Sajid Javid’s rumoured mansion tax risks further distorting the UK property market if not done right

Chancellor Sajid Javid has faced criticism from both estate agents and London MPs after apparent plans to hit larger properties with a mansion tax emerged over the weekend, writes Mike Scott, chief property analyst at Yopa.

Though an appealing idea in principle, raising additional tax revenue from people who are well-placed to afford it risks distorting the property market unless the details are exactly right.

Council Tax needs re-evaluating

The first and most basic problem lies with the difficulty in identifying the properties that will be subject to the tax. Though the initial whisperings of plans suggest only properties that are currently in the highest Council Tax band will be considered, every single one of those properties will still need to be valued in order to determine whether it is over the threshold for payment of the new mansion tax.

If the tax is proportional to the property value, then it won’t just have to be allocated to a band of values – as with the Council Tax – it will need an exact valuation. If it is based on price bands, then the whole exercise will effectively just be the introduction of new, higher bands for Council Tax (which has already happened in Scotland), and not really a new tax at all. In either case, there are certain to be a large number of appeals against the valuations.

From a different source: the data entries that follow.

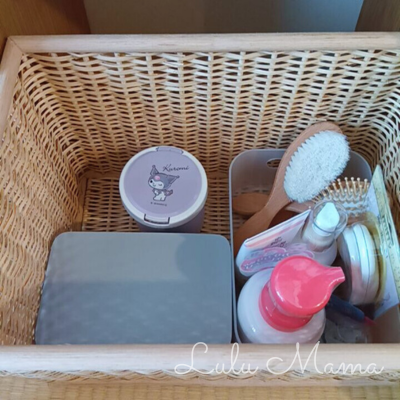 おむつやスキンケアグッズなどをとりいそぎ収納しました。実際のお世話スペースがどうなるかは生まれてからまた調整しようと思っています。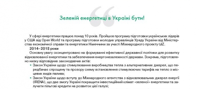 Спецвипуск, підготовлений журналом «Eкологія підприємства», об’єднав експертів, які роблять внесок у розвиток енергоефективної та енергонезалежної країни. Це представники державних органів влади, бізнесу, профільних асоціацій, міжнародних організацій.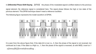 This document discusses various digital modulation techniques used in digital communications. It describes amplitude shift keying (ASK), frequency shift keying (FSK), phase shift keying (PSK) including binary PSK (BPSK) and quadrature PSK (QPSK). It provides block diagrams and explanations of modulators and demodulators for ASK, FSK, BPSK and QPSK. It also discusses M-ary encoding techniques that can transmit more than two bits simultaneously to reduce bandwidth.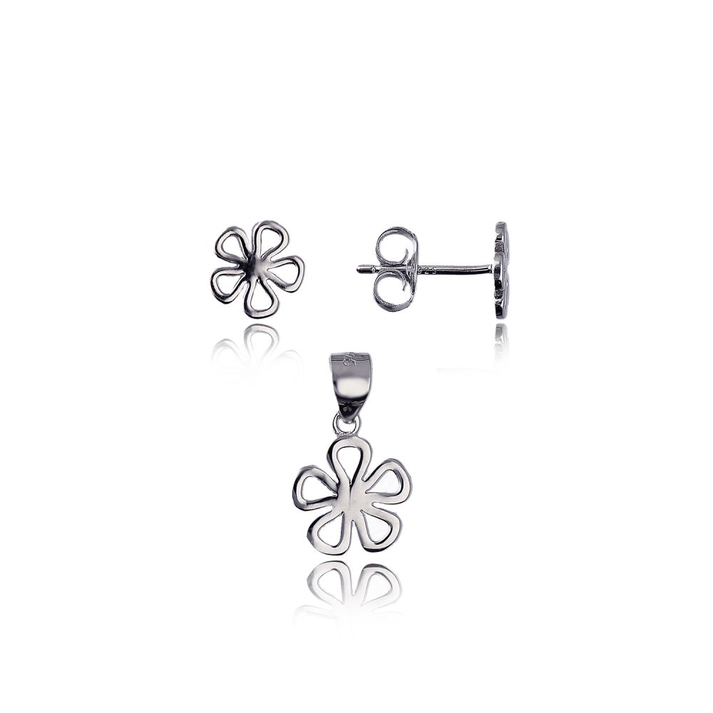 Stříbrná sada MOISS KVĚTINA s náušnicemi a přívěskem v jemném otevřeném designu je symbolem lehkosti a přirozené elegance.

The new valuations could be combined with the long-overdue Council Tax revaluation of all properties, since Council Tax valuations are very outdated and are currently based on what a property would have been worth in 1991 (2003 in Wales), even for properties that were built 25 years after that date. However, that would be a political hot potato, since it would create many losers as well as winners.


The next consideration must be the introduction of a threshold where no tax is paid below the threshold, but a percentage above the threshold, as is the case with Stamp Duty Land Tax. For example, if the threshold for the new tax is set at a property value of £1m, then the tax must only be payable on the amount by which the value exceeds that figure, and not on the whole value.

Otherwise, a large amount of tax will be payable as soon as the threshold is passed, and homes valued at a little over £1m will effectively become unsaleable, bringing the market to a halt. This will present a real problem in high value areas such as London and the South East.

This brings into question the issue of regional fairness. Some quite modest homes in London are likely to be hit by the new tax, while only genuine mansions will be affected in other areas of the country, including the north. Of course, this may mean the proposed “mansion tax” will appeal to the new Conservative voters in former Labour constituencies in the north of England, and whereas the Conservatives are being driven out of Labour-voting London already, so it may not necessarily be seen as a disadvantage by the Tories in terms of political popularity.

Finally, there is the problem of homeowners who are asset-rich but cash-poor, such as pensioners on a fixed income. A new tax may cause them real hardship, forcing them out of their family homes. If this plan comes to fruition, the government must ensure that the option to defer the tax payments until the property is eventually inherited or sold is included.

A “mansion tax” is a convoluted issue with many factors to consider, affecting many facets of society – not just the lives of the super rich. With the Budget not due for another month, it remains to be seen whether this proposal is truly on the horizon, but it is clear that this is not a decision the Chancellor will be taking lightly.